Fashion illustration and technical sketches are part of the design process. The designer creates a road map for patternmakers, sewers and cutters to follow by taking initial design concepts and transforming the sketches into illustrations by adding colour and fabric textures. Most designers use illustration or technical sketch templates for repeated styles each season, which are commonly referred to as flats. Drawing these illustration and technical sketch templates enables new designers to familiarise themselves with fabrics' natural drape and silhouettes.
- Skill level:
Things you need
- Sketch pad
- Drawing pencil (your medium choice)
- Models (optional)
Draw your fashion illustration in your sketch pad in your chosen medium. Start with an easy design, such as a model in a basic, black sheath dress. Look through haute couture fashion magazines and study the stylised figures generally associated with fashion illustration. Note how each illustrator draws the model's face, hair and garment, as well as what medium he uses, such as pastel, charcoal, wax crayon, marker, watercolour or drawing pencils.
Draw nine horizontal lines in your sketch pad with your pencil.
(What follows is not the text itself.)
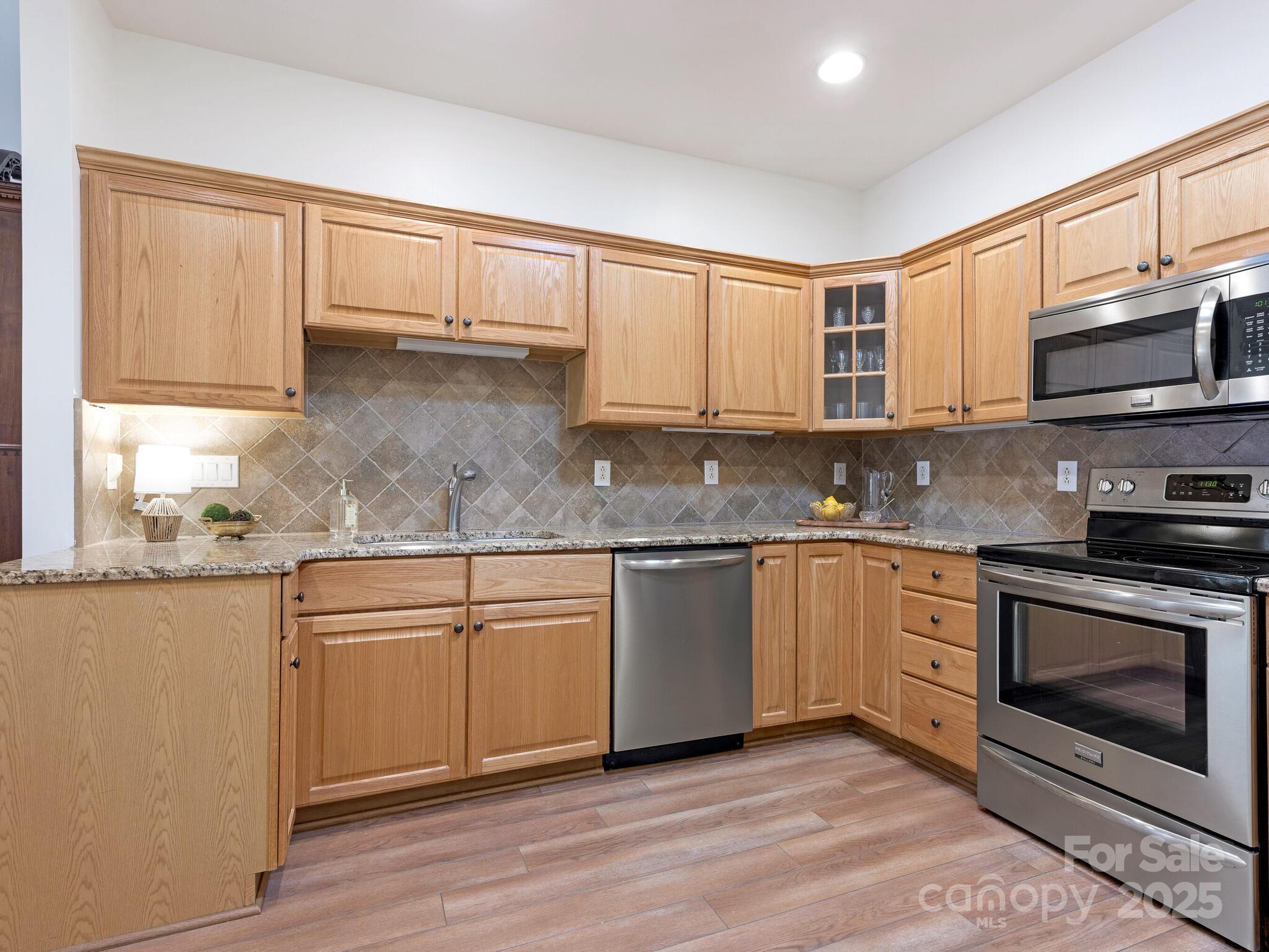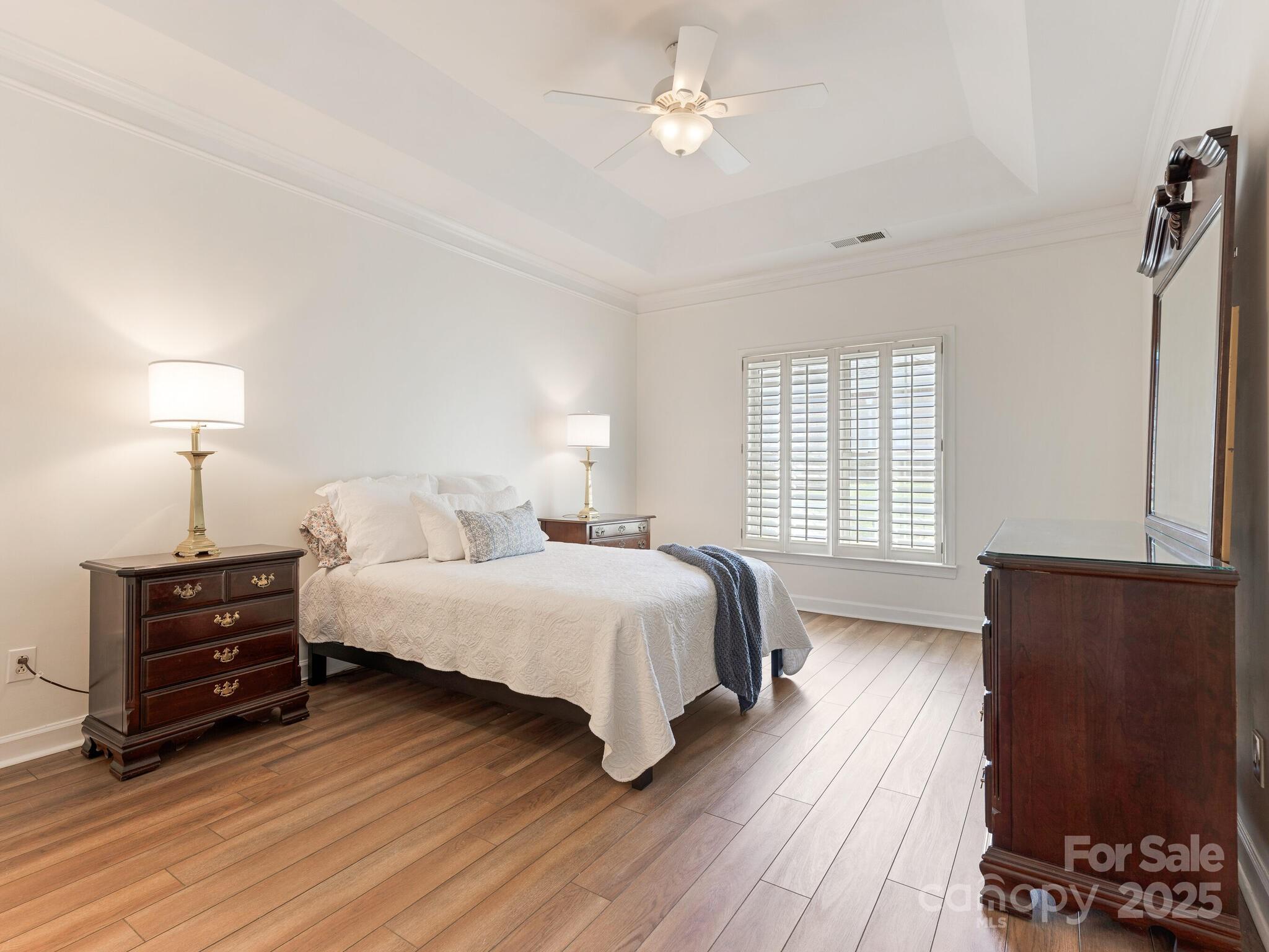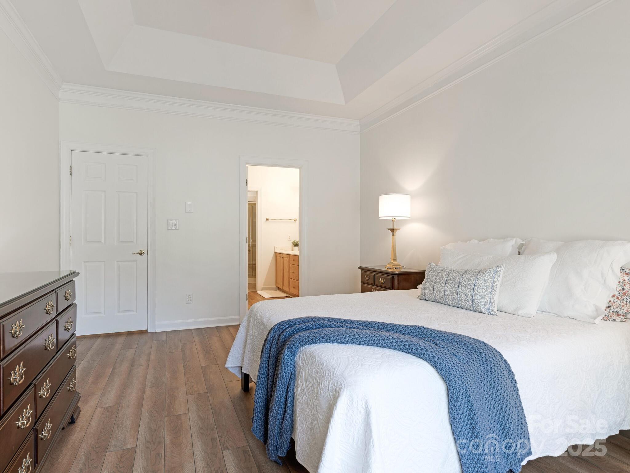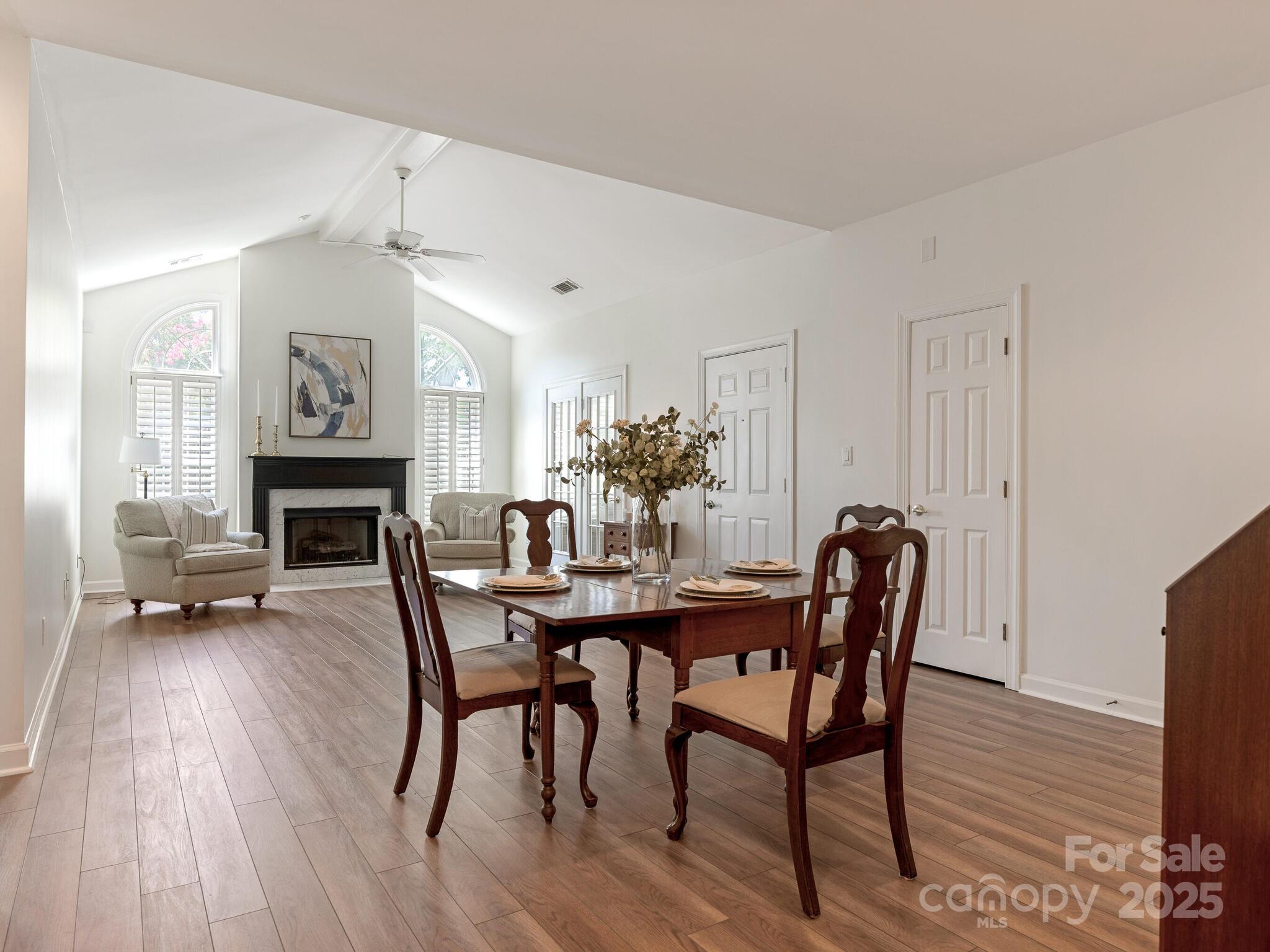 Welcome to one-level living in South Charlotte! Come on back and take a look! We are back on market and ready to sell! This beautifully maintained home in the Villages of Troon offers an open floor plan with cathedral ceilings, custom fireplace surround, and fresh paint throughout. No carpet—new luxury vinyl plank flooring throughout! The spacious kitchen features granite counters, stone backsplash, stainless appliances, recessed lighting, skylight, built-in desk, and pantry. Both bedrooms are en-suites with walk-in closets. The primary bath has dual vanities and a shower enclosure with bench; the second bath offers a soaking tub. Enjoy a sunroom with new flooring and serene pond views. Oversized 2-car garage with custom storage. HVAC and furnace (2013) with Morris-Jenkins Platinum Warranty, water heater (2011). Community includes clubhouse and pool. HOA covers exterior termite, water, base internet. Ideally located near Stonecrest, Blakeney, and Ballantyne! We are back on market-NO FAULT of buyers or sellers. Just didn't work out. No inspections were performed, no financing was initiated.

Keep your illustration in view. Space each line equally. The bottom line represents your feet, the second represents your calves, followed by the knees, thighs, abdomen, your elbows and waist on the same line, and your chest and chin. The top line rests over the head. Keep in mind these are guide points only.
Regardless of how unique your illustration is, make sure your sketch displays basic anatomical knowledge.
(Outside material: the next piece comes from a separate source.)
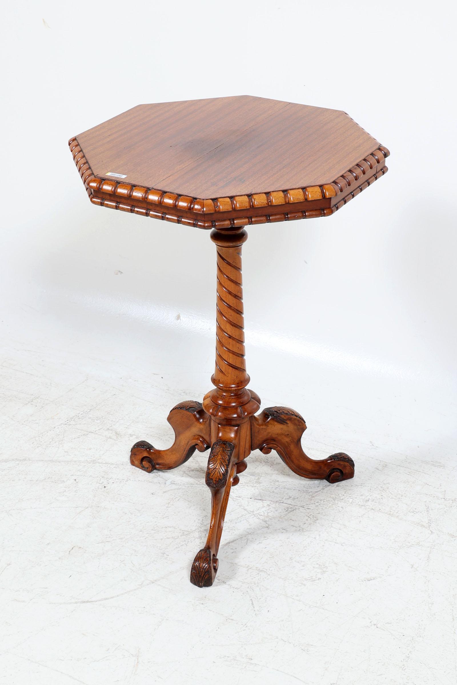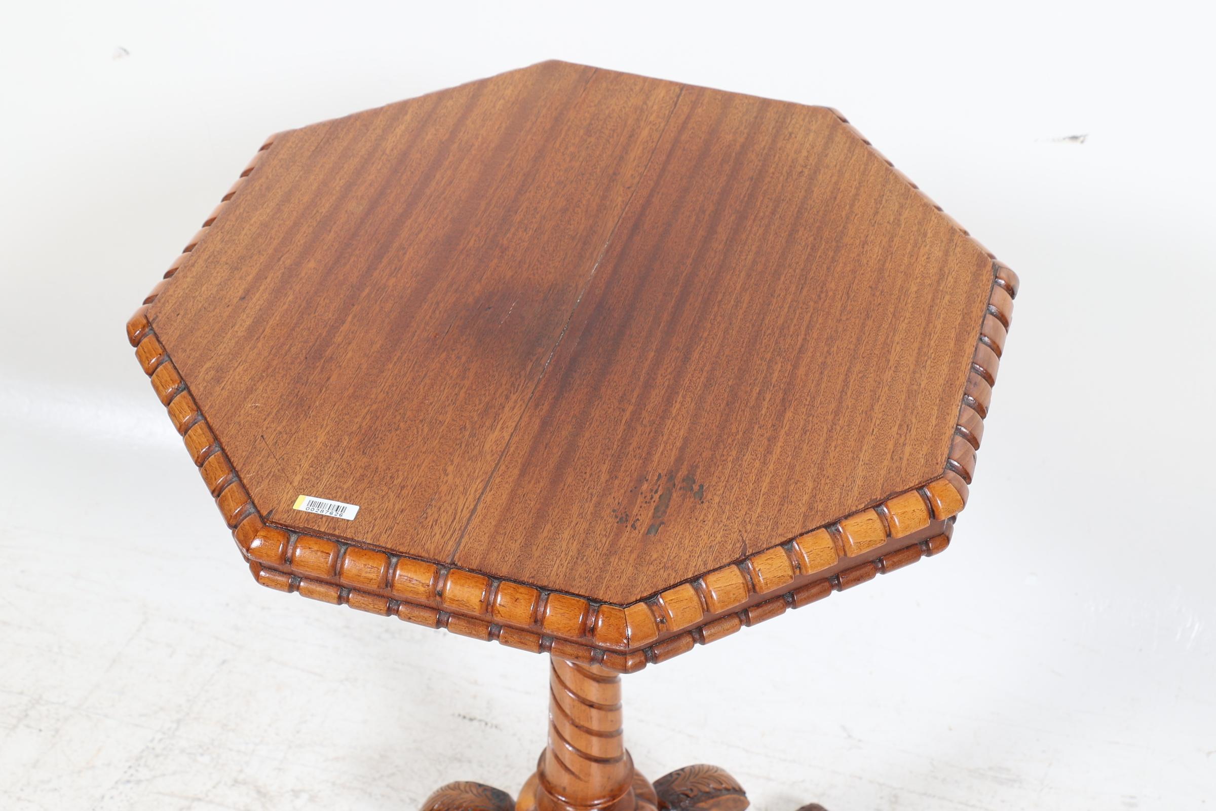 Oude notenhouten 8-kantige bijzettafel, h.71 x b.48 x d.48 cm.

Sketch an outline stylised figure of the illustration you chose in Step 1, within the guidelines. Keep in mind that stylised figures are modified. Generally the head is smaller, the neck is slimmer and longer, and the legs and thighs are longer and leaner. Practice these stylised figures using different garment combinations, such as a top with a pant, or a jacket and skirt. These outlines are your templates for future sketches. Make several copies if you'd like.
Sketch different body poses. Once you have mastered the guidelines, sketch poses with different garment combinations. You do not have to use the guidelines. It is best to work with models and have them stand in poses such as looking downward, leaning slightly back, holding a bag or with their hands on their hips. This helps you study the body's weight distribution, which is key to fashion illustration.
Sketch the outline of the poses. These outlines are your template for future sketches. Once you have your stylised figure in your desired poses, trace over the template and add different garment silhouettes and clothing details.
Draw the garment's outline. Choose your category, such as blouses, trousers, jeans, skirts or dresses. Each garment category has a specific silhouette, such as a contoured shape, flared leg cuff or an A-line sweep. The outline drawings are the start of the template. These templates are commonly known as technical sketches—or flats—within the fashion industry.
Add within the silhouette design details that will be repeated. For example, if your template is a polo knit top and you will be repeating set-in sleeves, a front dropped shoulder seam and bottom hem side slits, draw these details into your template. Leave blank areas within your template for design details you will alter, such as different front placket lengths or chest pockets.
Draw within your template the garment's silhouette fit details, such as darts, pleats or a significant drape. Add to your template only the fit details that will be repeated in future styles. For example, if you are repeating a tailored skirt with darts as part of your collection, draw the darts within the skirt template. You can use the same skirt template and change other details, such as adding front pockets, seam work or side slits. Make copies of your templates for future designs.